Tak więc kamienny art deco okazał się być na tle szklano-metalowej hi-tech. Gigantyczne jasnożółte pilastry (każdy po 9 kondygnacji) mają zgrabny łuk prostego gzymsu „Gołos” (jeśli uda się go wykonać tak, jak jest narysowany, będzie wyglądał jak z lat 30. XX wieku). Nad kamiennym gzymsem ze szklanej attyki wyrasta kolejny, żebrowany metal, a nad każdym pilastrem pojawia się metalowa siatka, demonstrując uważnemu obserwatorowi techniczne podstawy klasycznej dekoracji nowoczesnego budynku. Podobnie, od czasów Meyerholda, w teatrze od czasu do czasu pojawia się zwyczaj pokazywania widzom elementów konstrukcji scenicznych. Co więcej, jest oczywiście więcej konstrukcji high-tech i szkła, tylko pod względem powierzchni, aw takim połączeniu okazuje się, że nie tyle kontynuacja kierunku "Bofill", ile jego ekspozycja: dom wydaje się próbować „zmyć” pilastry, zalewając elewacje szkłem.

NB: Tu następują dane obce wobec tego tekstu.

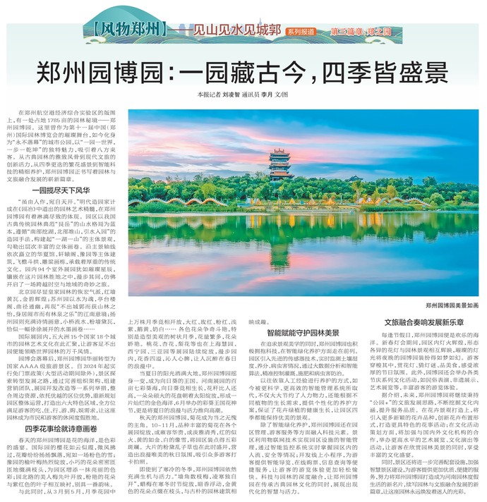 在郑州航空港经济综合实验区的版图上,有一处占地1785亩的园林秘境——郑州园博园。这里曾作为第十一届中国(郑州)国际园林博览会的璀璨舞台,如今化身为“永不落幕”的城市公园,以“一园一世界,一步一乾坤”的独特魅力,吸引着八方来客。从古典园林的雅致风骨到现代文旅的创新活力,从四季更迭的繁花盛景到智能科技的精细养护,郑州园博园正书写着园林与文旅融合发展的崭新篇章。(今日《郑州日报》2版)

Dach płaski kompleksu zostanie oddany do użytku. Jedna z opcji projektu zakładała, że pojawi się na nim nie tylko zagospodarowana weranda, ale także kilka elitarnych kamienic, dla których mieszkańcy architekci zaprojektowali specjalną wieżę z windą dla samochodów. Jednak kryzys gospodarczy skorygował te plany i teraz planuje się, że dwupiętrowa szklana nadbudówka zostanie również wykorzystana na biura. Weranda nie została jednak odwołana, więc budynek ten wyjdzie na Pierścień Ogrodowy nie tylko w uroczystym rytmie pylonów, ale także z zielonymi wierzchołkami drzew posadzonych po obwodzie dachu.